◆ **DESCRIPTION OF THE TASK**: Hand back every line from the beginning of the data below through the line containing "성남시는 3월 11일", word for word and free of pictures.

Stored data entries:
■ ■ ■ ■ ■ ■ ■

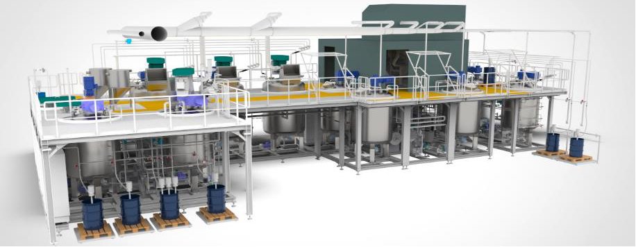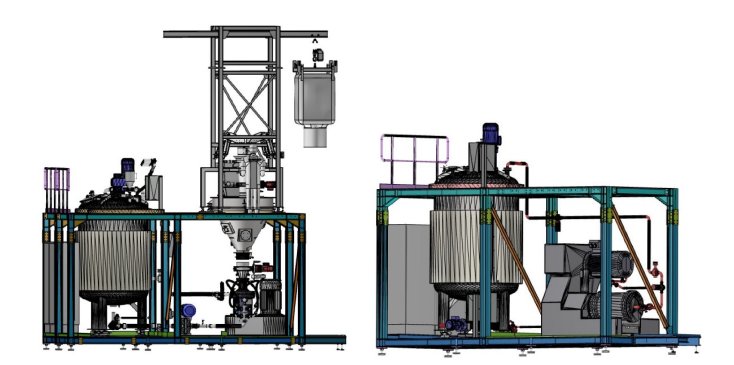 上圖顯示了兩個模塊。左邊的模塊由ψ-MIX在線混合系統和一個大袋進料站組合而成,整個粉體進料過程可以是密閉的,并配備精細除塵器。右邊的模塊為研磨裝置,由ZETA棒銷式研磨系統、儲料罐和泵組成。
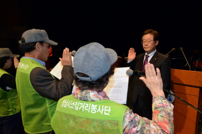 성남시는 3월 11일 오후 2시 성남아트센터 오페라하우스에서 사업 참여 어르신을 비롯한 이재명 성남시장, 박권종 성남시의회 의장 등이 참석한 가운데 ‘어르신 소일거리 봉사단 발대식’을 했다.
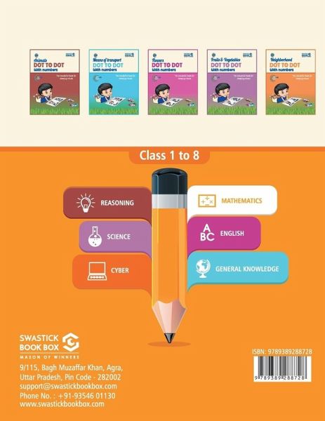 SBB Dot to Dot Activity Book for kindergarten helps students/kids/children to improve: 1 - Motor writing skills; 2 - Hand and eye coordination; 3 - Decision-making skills; 4 - Observation skills; 5 - Creative skills; 6 - Thinking Skills; 7 - Pencil Control. All these skills help and promote logical brain development. The book is also an excellent first step to get kids prepared for school.
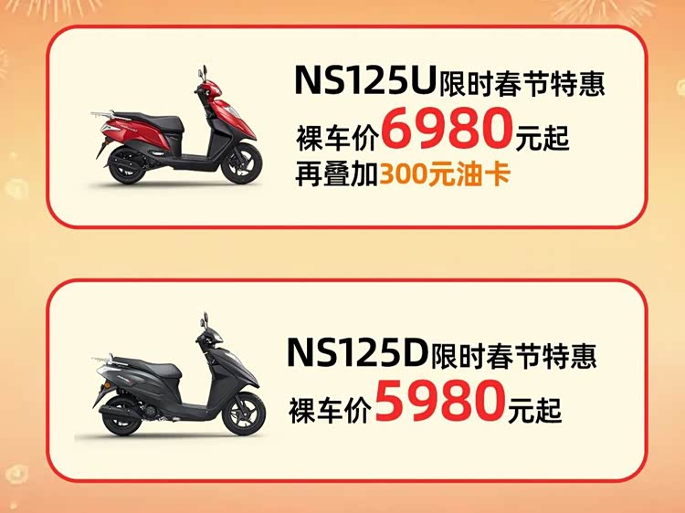 “良驹载福,骑跃新春”,新大洲本田推出了旗下的低价车型,其中NS125D新春特惠价5980元起、NS125U特惠价6980元起、再送300元油卡,那么这两款车怎么样呢?简要来了解一下吧!
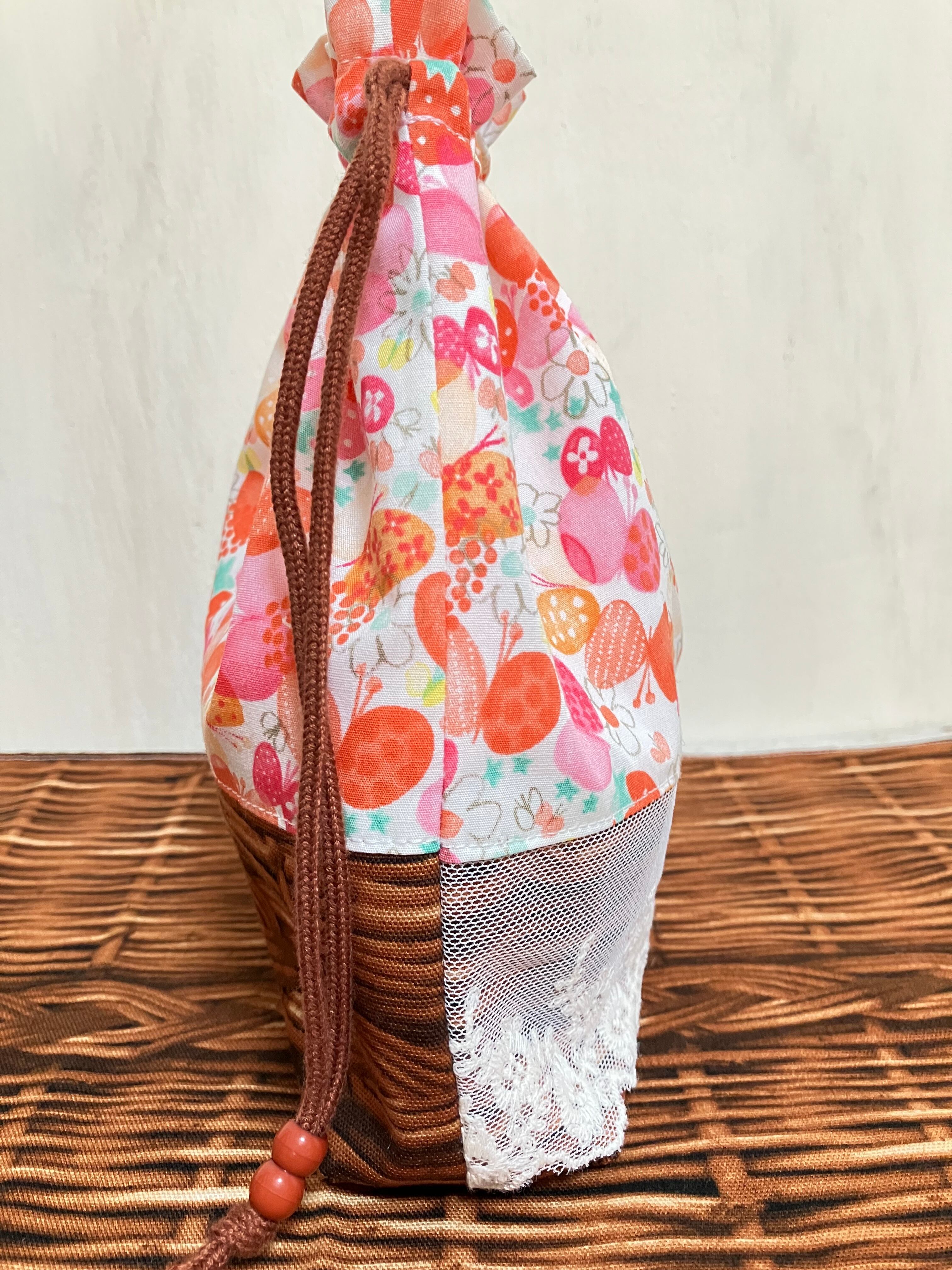 こちらは、チョウといちご柄とバスケット柄が可愛い♡コップ袋とランチマットのセットになります!
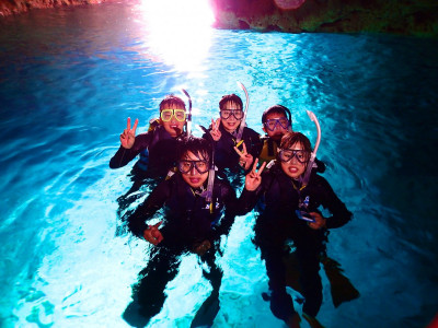 1歳からの青の洞窟子供シュノーケルが大人気。「1組完全貸切制」なのでご家族だけで楽しめます。水中写真無制限撮影&お魚エサやり体験無料
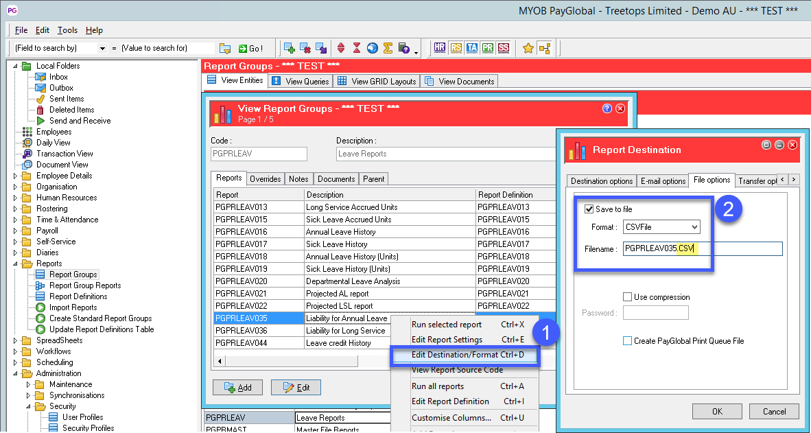 Important: Not all reports can be saved and generate XLS/CSV data
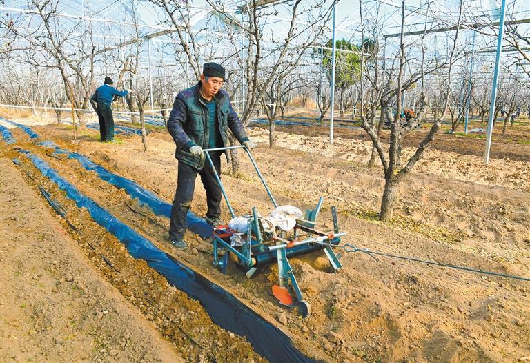 2025年11月25日,山西省运城市稷山县稷峰镇加庄村,村民给板枣林下种植的中药材覆盖地膜。
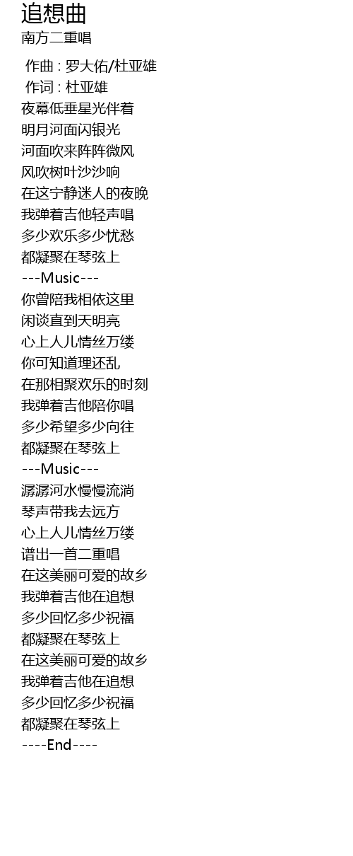 | [00:00.00] | 作曲 : 罗大佑/杜亚雄 |
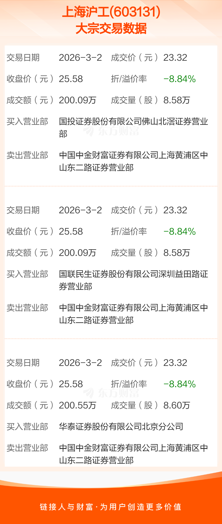 大宗交易:上海沪工成交600.73万元,折价8.83%(3-2)
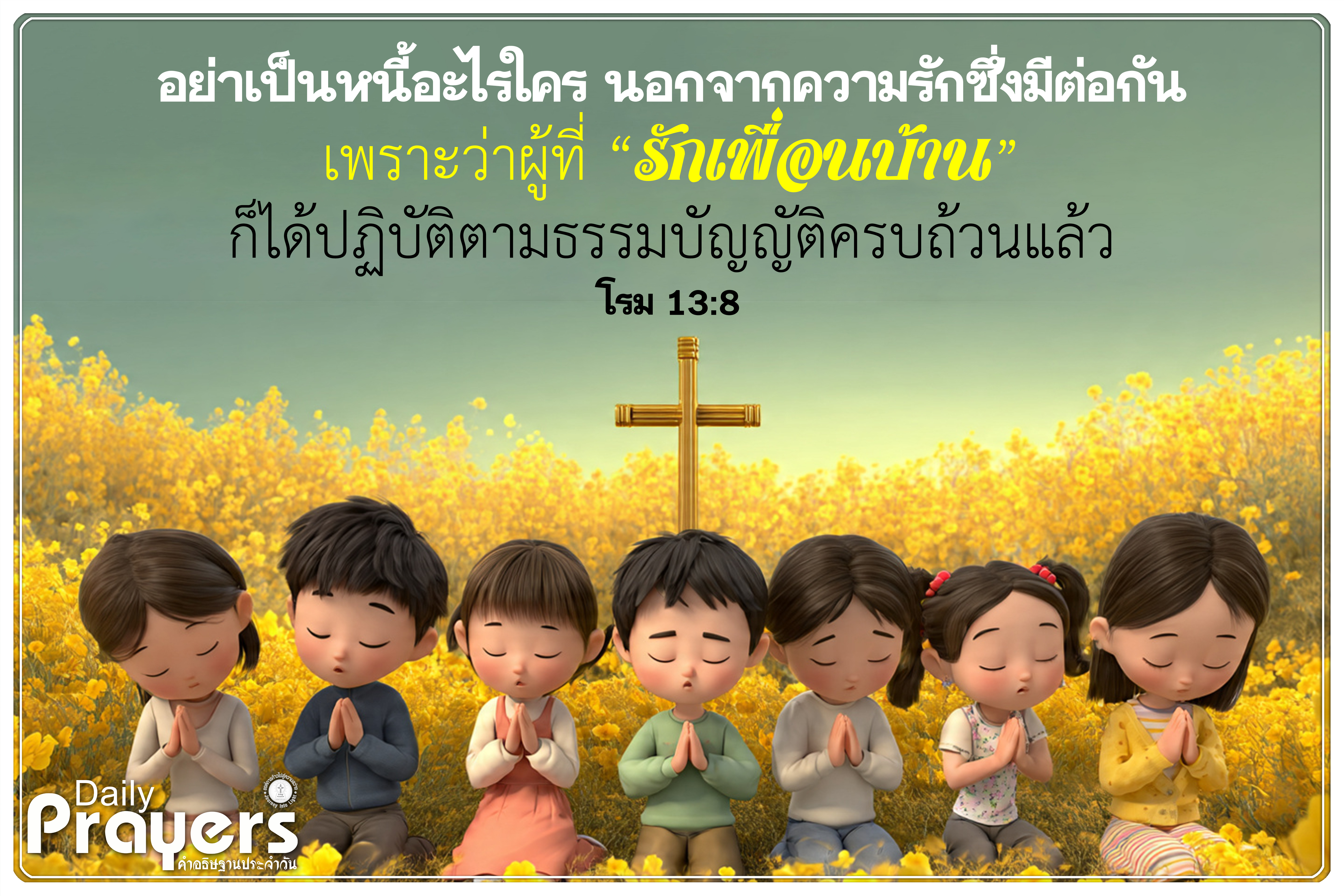 พระเจ้าไม่ทรงเป็นหนี้หรือติดหนี้อะไรต่อมนุษย์หรือผู้ใดทั้งสิ้น เพราะทั้งสิ้นเป็นของพระองค์ แต่สำหรับมนุษย์แล้วเป็นหนี้ ก็ต้องชดใช้ เมื่อไม่ชดใช้ปัญหาอื่นๆ ก็จะตามมาและทำความยุ่งยากให้เกิดขึ้นทั้งผู้เป็นหนี้และเจ้าหนี้ ทางที่ดีไม่เป็นหนี้จะดีกว่า แต่พระวจนะของพระเจ้ายังอนุญาตให้เป็นหนี้ได้หนึ่งอย่าง นั่นก็คือ หนี้แห่งความรัก พระเจ้าทรงปรารถนาให้ผู้ที่เชื่อวางใจในพระองค์เป็นหนี้ความรักที่มีต่อกันและกันมากขึ้น รวมไปถึงหนี้ความรักที่มีไปถึงเพื่อนบ้านด้วย หนี้ความรักที่เราได้มีหรือที่เรามีให้แก่ผู้อื่นนั้น พระเจ้ามิได้ทรงบอกให้เราทวงคืนเพราะความรักเป็นของพระเจ้า พระองค์ทรงเป็นเจ้าของทรงให้เรามาฟรีๆ

■ ■ ■ ■ ■ ■ ■

◆ **SOLUTION TO THIS PROBLEM**:
 上圖顯示了兩個模塊。左邊的模塊由ψ-MIX在線混合系統和一個大袋進料站組合而成,整個粉體進料過程可以是密閉的,并配備精細除塵器。右邊的模塊為研磨裝置,由ZETA棒銷式研磨系統、儲料罐和泵組成。
 성남시는 3월 11일 오후 2시 성남아트센터 오페라하우스에서 사업 참여 어르신을 비롯한 이재명 성남시장, 박권종 성남시의회 의장 등이 참석한 가운데 ‘어르신 소일거리 봉사단 발대식’을 했다.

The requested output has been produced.